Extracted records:
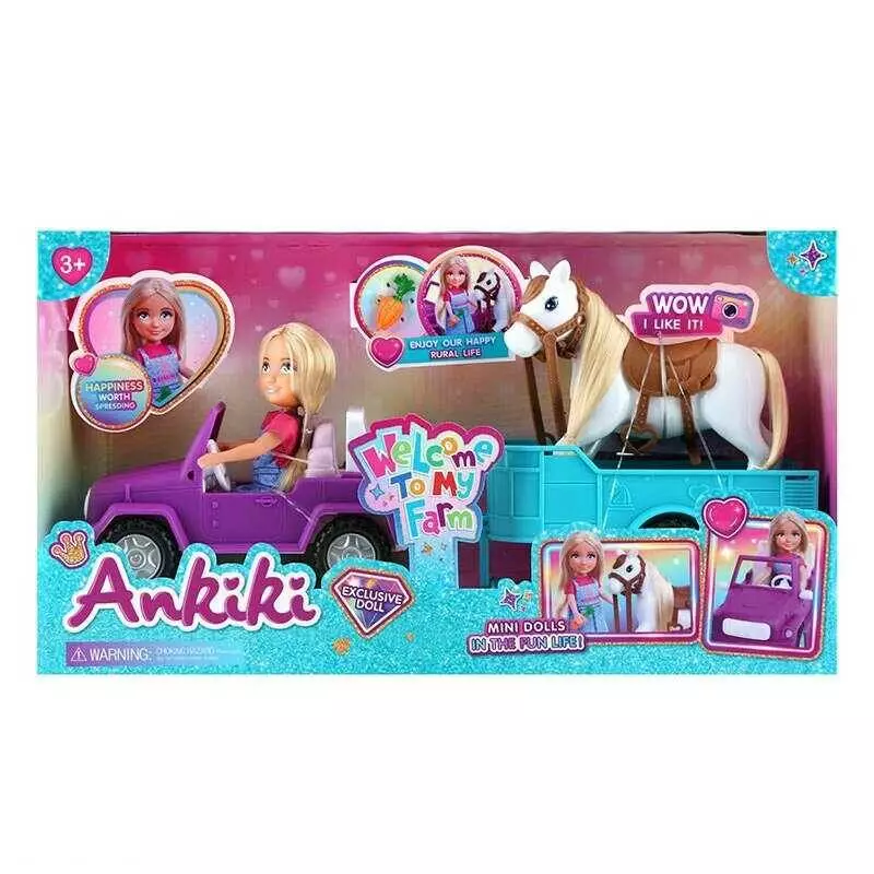Лялька з аксесуарами 606015 (18) висота ляльки - 13 см, машинка з причепом, кінь, муляж морквинки, в коробці
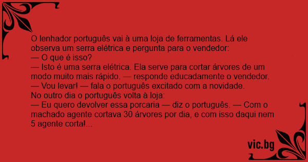 O lenhador português vai à uma loja de ferramentas. Lá ele observa um serra elétrica e pergunta para o vendedor:
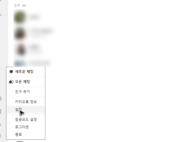 설정 버튼을 클릭하면 다른 화면이 하나 띄워지는데, 여기에서 pc 카카오톡을 설치할 때 수정할 수 없었던 여러 종류의 설정옵션을 기호에 맞게 수정해줄 수 있습니다. 어려운 항목은 없으며, 하나씩 살펴보고 수정을 해주시면 될 것 같아요.
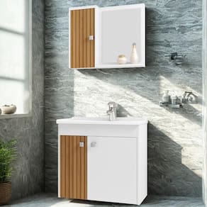 Cor: Multicolorido | Tonalidade: Multicolorido | Produto: Conjunto banheiro | Altura: 54 | Largura: 59 | Material: MDF | Peso do produto: 19 Cor: Branco Ripado
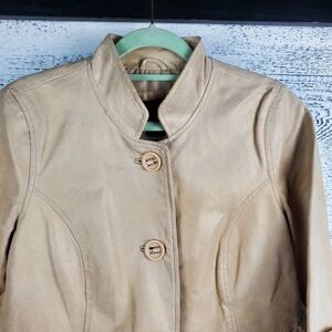 Bernardo Genuine Leather Blazer Tan Button Closure Coat Size Small
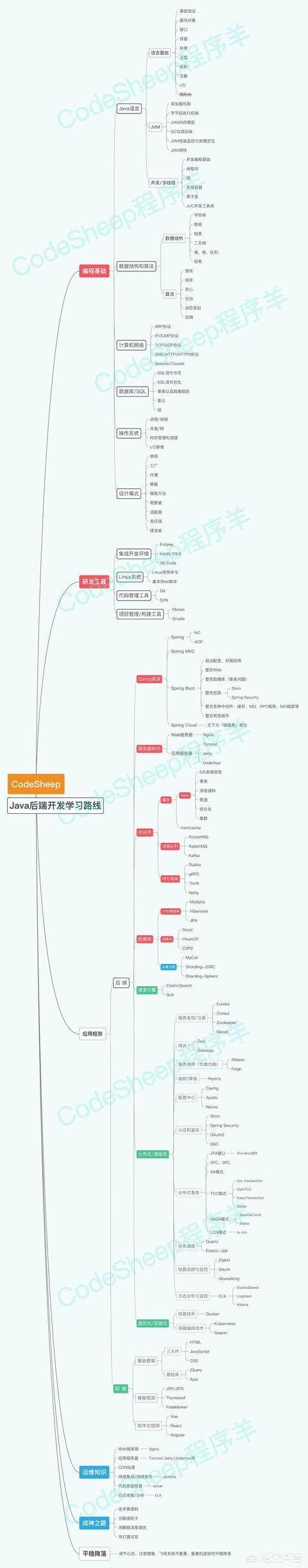 这是我前两天整理的「Java后端开发学习路线图」,基本把Java后端开发领域主流技术都归纳起来了:
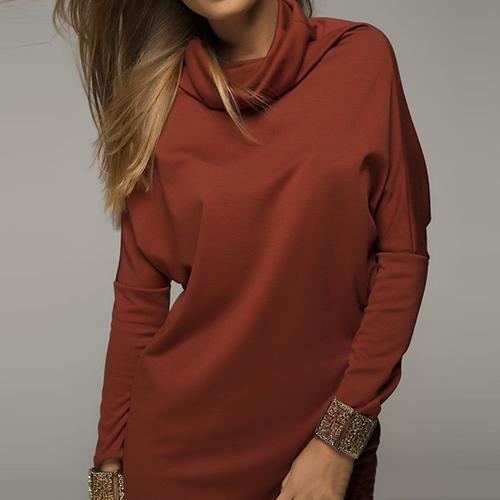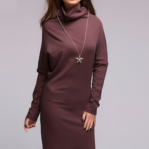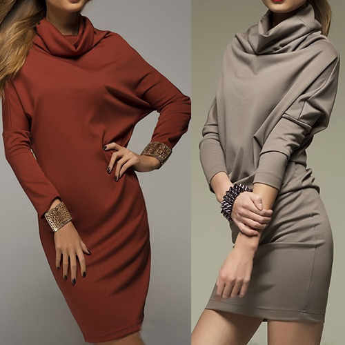 endless styling options. Its sleek knee-length silhouette, long sleeves, and turtleneck designs lend
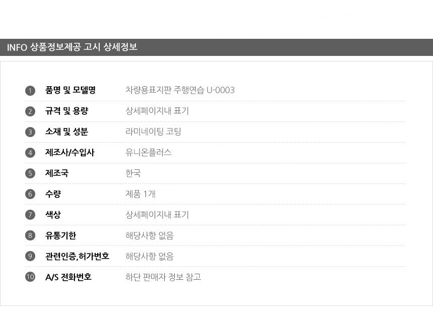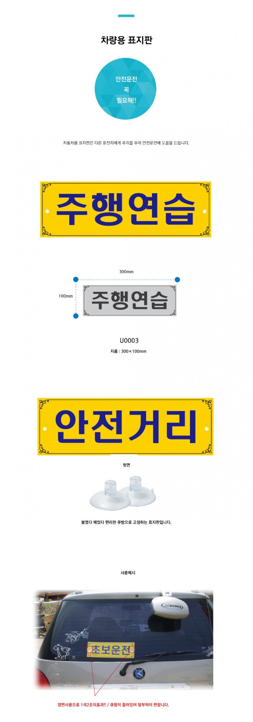 차량용표지판 주행연습 U-0003 300x100mm 양면
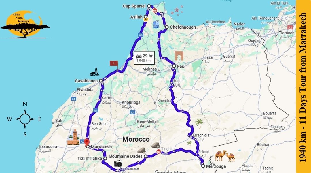 This Morocco itinerary 11 Days from Marrakech is one of the best journeys to book. If you are looking to visit Marrakech and head south to the Sahara Desert via Ait Ben Haddou Kasbah, Dades, and Todgha Gorge, afterward, travel to Fes and Chefchaouen, passing through Meknes, the imperial city of Morocco, and Volubilis. Furthermore, drive to the charming town of Asilah, Rabat, and finally end your 11 days in Morocco in Casablanca.
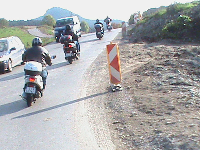 Predo mnou boli dva silné stroje, ktoré išli ale rýchlosťou, ktorá brzdila moje Piaggio. Preto som ich predbehol. Na svetelnej križovatke na červenú pri mne pristala jedna z nich. Znelo to ako by pri mne zaparkoval minimálne obrnený voz. Po odklopení priezoru na prilbe dotyčného vodiča silného stroja sa ozvala výčitka „Ako to že si ma predbehol a ešte k tomu na skútri ?“ Padla zelená, pri ďalšej križovatke opäť na červenej padlo pozvanie „Poď s nami do motorkárskej krčmy.“ Tak som išiel. Moje Piaggio tam bol jediný skúter. Vypil som kávu a šiel radšej ďalej rešpektujúc vyššie kubatúry.
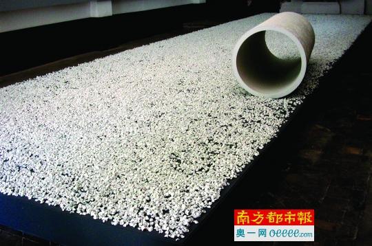 東方展廳的藝術家朱樂耕,出生于陶藝圣地景德鎮(zhèn),父親也是著名陶瓷藝術家。他的大型作品《天水之鏡》,紅色的背景上輔以嬰兒般的云朵和五顏六色的彩石,有一種女媧補天式的絢爛和神秘。“未來的城市將由生產(chǎn)型城市轉變?yōu)榄h(huán)保的、低耗能城市。藝術家將參與未來城市的建筑,因此,我致力于探討城市空間里陶瓷藝術的可能性。”朱樂耕告訴南都記者。

Task prompt
Each line from the start of the entries above through the line with "Bernardo Genuine Leather" should be duplicated exactly, leaving out the pictures.

Solved exercise
Лялька з аксесуарами 606015 (18) висота ляльки - 13 см, машинка з причепом, кінь, муляж морквинки, в коробці
 O lenhador português vai à uma loja de ferramentas. Lá ele observa um serra elétrica e pergunta para o vendedor:
 설정 버튼을 클릭하면 다른 화면이 하나 띄워지는데, 여기에서 pc 카카오톡을 설치할 때 수정할 수 없었던 여러 종류의 설정옵션을 기호에 맞게 수정해줄 수 있습니다. 어려운 항목은 없으며, 하나씩 살펴보고 수정을 해주시면 될 것 같아요.
 Cor: Multicolorido | Tonalidade: Multicolorido | Produto: Conjunto banheiro | Altura: 54 | Largura: 59 | Material: MDF | Peso do produto: 19 Cor: Branco Ripado
 Bernardo Genuine Leather Blazer Tan Button Closure Coat Size Small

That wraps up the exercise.